**Source information:**
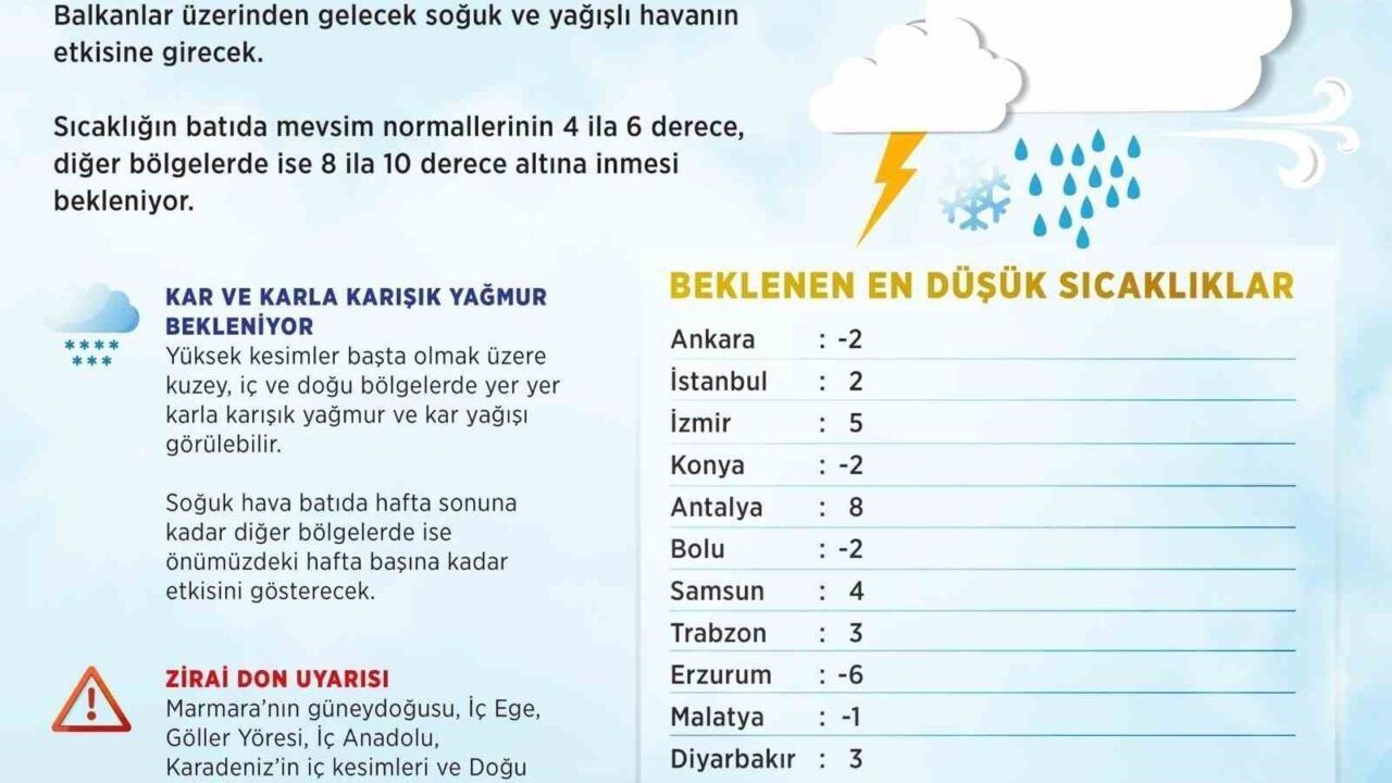 Mevsim normalleri civarında seyreden hava sıcaklıkları, yarından itibaren kuzeybatı kesimlerden başlayarak yurt genelinde azalacak. Sıcaklığın batı kesimlerde mevsim normallerinin 4 ila 6 derece, diğer bölgelerde ise 8 ila 10 derece altına inmesi bekleniyor. Soğuk havanın, yurdun batısında hafta sonuna kadar, doğusunda ise önümüzdeki hafta başına kadar etkili olacağı tahmin ediliyor. Soğuk havayla birlikte, yüksek kesimler başta olmak üzere kuzey, iç ve doğu bölgelerde yer yer karla karışık yağmur ve kar yağışlarının görülmesi bekleniyor.
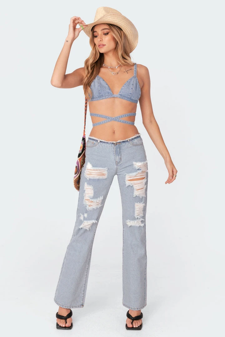 - Denim bralette top
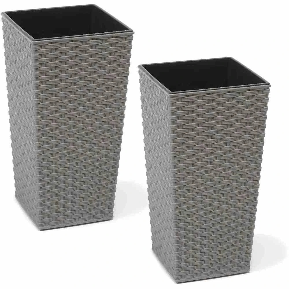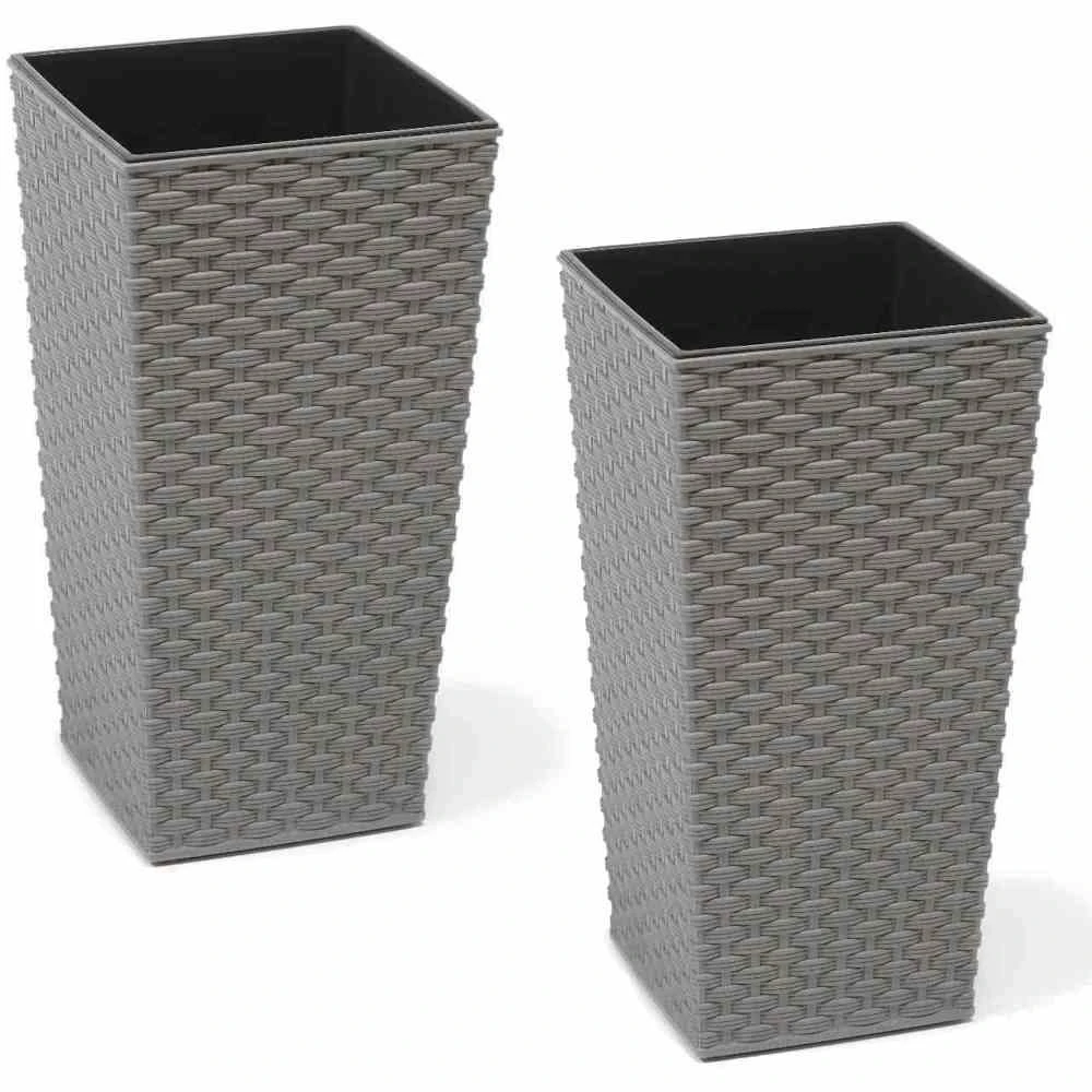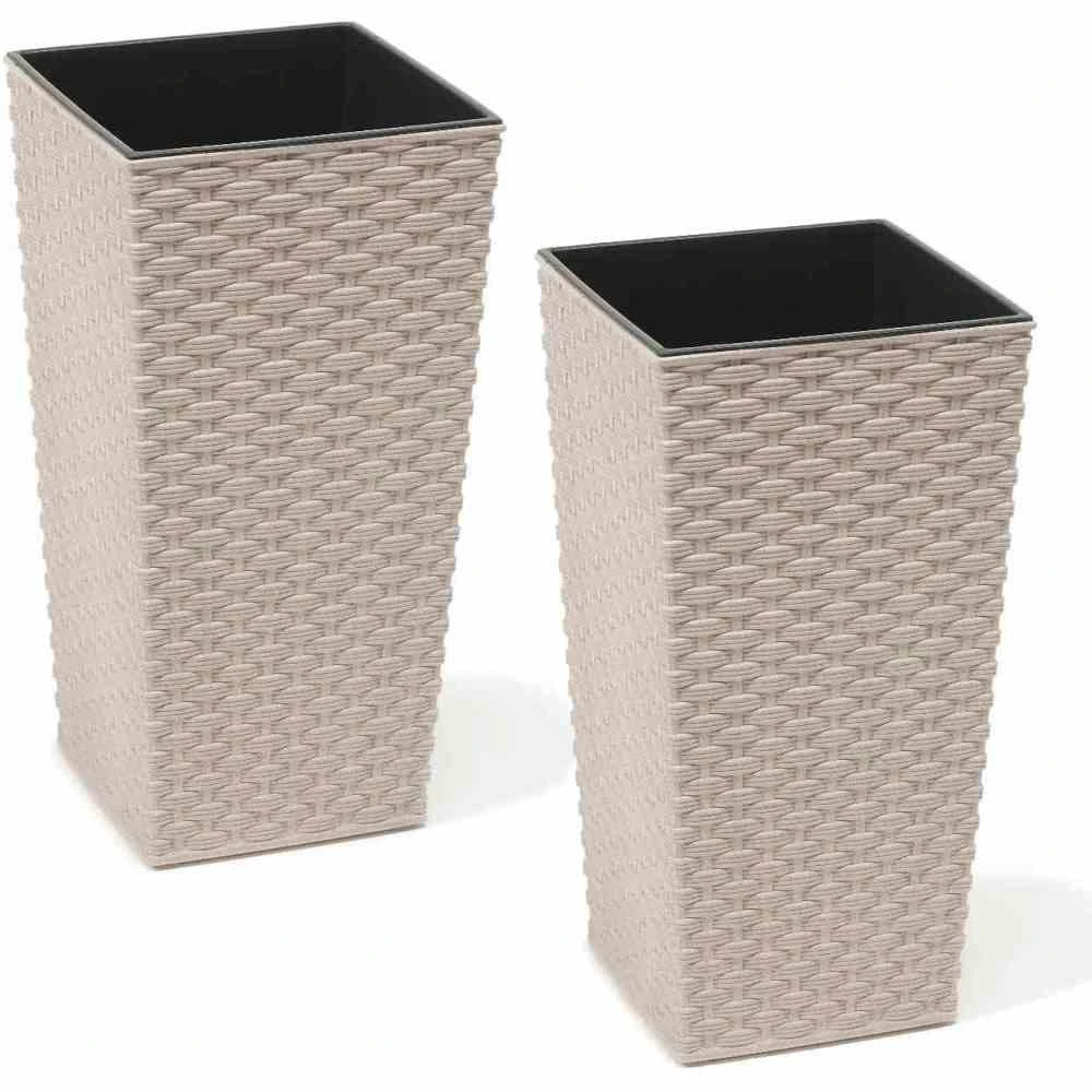 2x SIENA GARDEN 822_42 Pflanzgefäß ECO Paris, grün, 25 x 25 x 46,5 cm Kunststoffgefäß mit Holzfaseranteil und Einsatz Kunststoff in Rattanoptik mit bis zu 40 % Holzfaseranteil mit schwarzem Kunststoffeinsatz
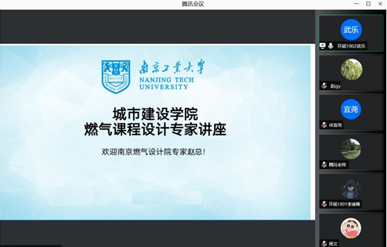 2021年12月26日,在公司tyc122cc太阳成集团建筑环境与能源应用专业18级同学进行《燃气供应工程》课程设计期间,就职于南京市燃气设计院的赵国跃高级工程师,应暖通系邀请在线上给同学们进行了《燃气供应工程》课程设计讲座。
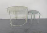 Upgrade your patio with this pair of patio pieces including a vintage mid-century wrought iron style round mesh side table and a similar patio stool (could be used as a small table).
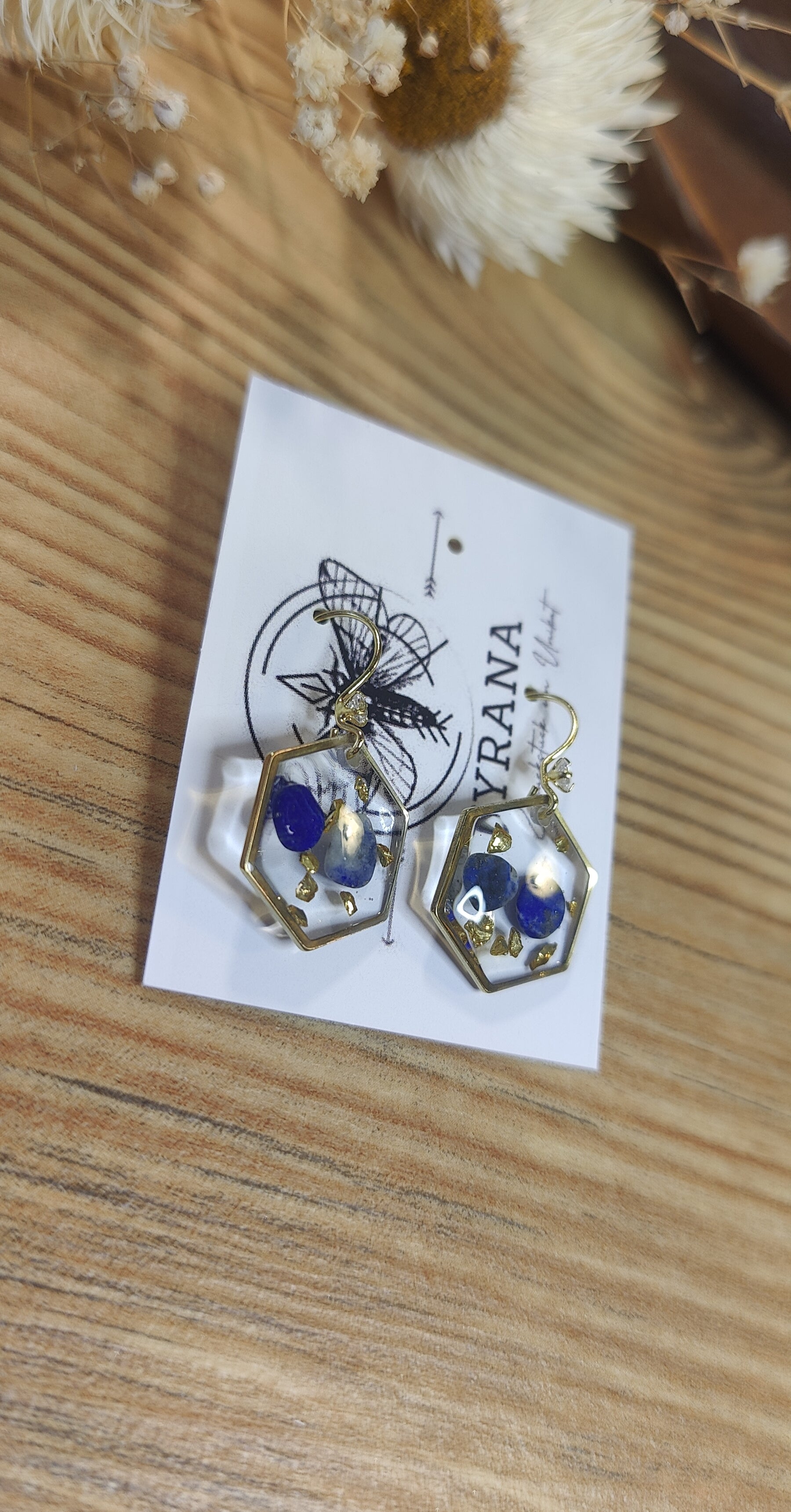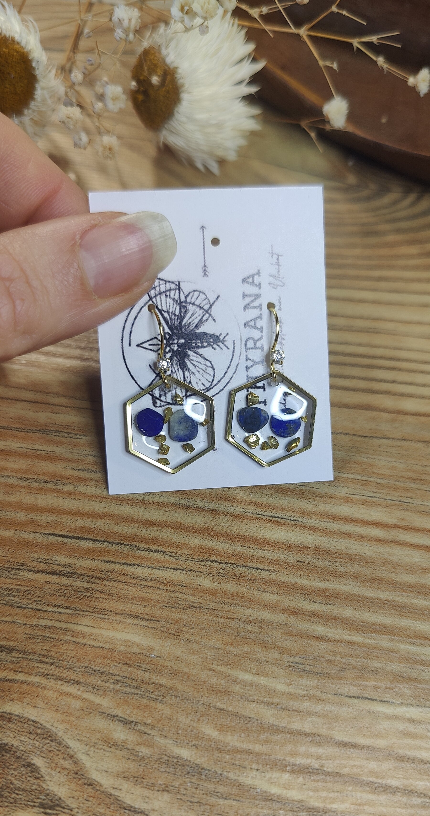 Diese einzigartigen, handgefertigten Ohrringe vereinen modernes geometrisches Design mit der natürlichen Energie echter Edelsteine.
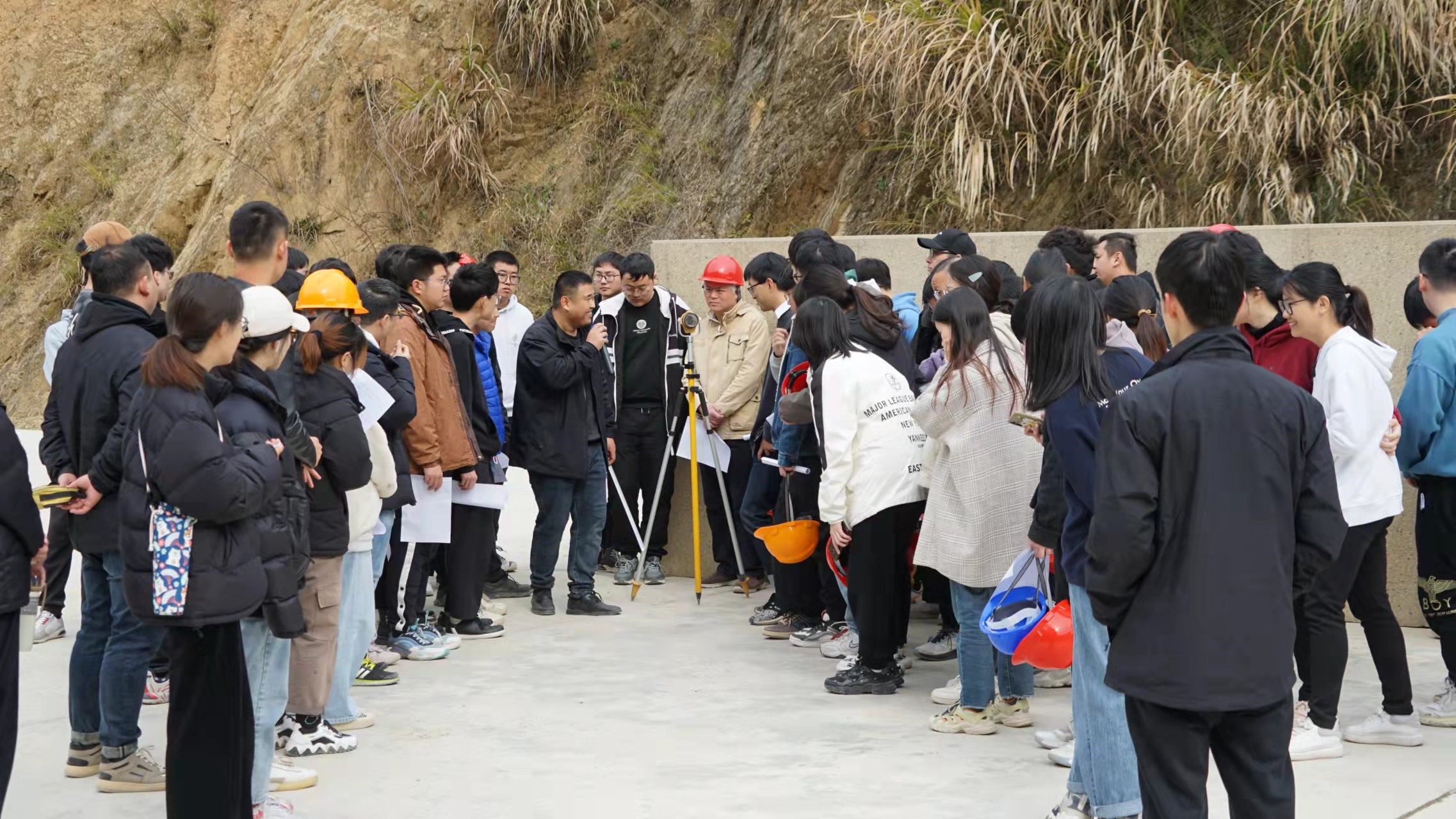 杭州魯潤(rùn)公司副總工程師張仰保組織各參建單位主要管理人員給學(xué)生們作了工程建設(shè)報(bào)告、安全知識(shí)宣講。并帶領(lǐng)同學(xué)們現(xiàn)場(chǎng)觀摩學(xué)習(xí),對(duì)大壩的澆筑方式、引水洞內(nèi)部結(jié)構(gòu)、發(fā)電廠房建造、工地測(cè)量放樣、現(xiàn)場(chǎng)試驗(yàn)室等方面進(jìn)行了專業(yè)、詳細(xì)的講解。

**Exercise description:** Please set down every record above exactly as it appears, leaving out the pictures.

**Answer to this task:**
 Mevsim normalleri civarında seyreden hava sıcaklıkları, yarından itibaren kuzeybatı kesimlerden başlayarak yurt genelinde azalacak. Sıcaklığın batı kesimlerde mevsim normallerinin 4 ila 6 derece, diğer bölgelerde ise 8 ila 10 derece altına inmesi bekleniyor. Soğuk havanın, yurdun batısında hafta sonuna kadar, doğusunda ise önümüzdeki hafta başına kadar etkili olacağı tahmin ediliyor. Soğuk havayla birlikte, yüksek kesimler başta olmak üzere kuzey, iç ve doğu bölgelerde yer yer karla karışık yağmur ve kar yağışlarının görülmesi bekleniyor.
 - Denim bralette top
 2x SIENA GARDEN 822_42 Pflanzgefäß ECO Paris, grün, 25 x 25 x 46,5 cm Kunststoffgefäß mit Holzfaseranteil und Einsatz Kunststoff in Rattanoptik mit bis zu 40 % Holzfaseranteil mit schwarzem Kunststoffeinsatz
 2021年12月26日,在公司tyc122cc太阳成集团建筑环境与能源应用专业18级同学进行《燃气供应工程》课程设计期间,就职于南京市燃气设计院的赵国跃高级工程师,应暖通系邀请在线上给同学们进行了《燃气供应工程》课程设计讲座。
 Upgrade your patio with this pair of patio pieces including a vintage mid-century wrought iron style round mesh side table and a similar patio stool (could be used as a small table).
 Diese einzigartigen, handgefertigten Ohrringe vereinen modernes geometrisches Design mit der natürlichen Energie echter Edelsteine.
 杭州魯潤(rùn)公司副總工程師張仰保組織各參建單位主要管理人員給學(xué)生們作了工程建設(shè)報(bào)告、安全知識(shí)宣講。并帶領(lǐng)同學(xué)們現(xiàn)場(chǎng)觀摩學(xué)習(xí),對(duì)大壩的澆筑方式、引水洞內(nèi)部結(jié)構(gòu)、發(fā)電廠房建造、工地測(cè)量放樣、現(xiàn)場(chǎng)試驗(yàn)室等方面進(jìn)行了專業(yè)、詳細(xì)的講解。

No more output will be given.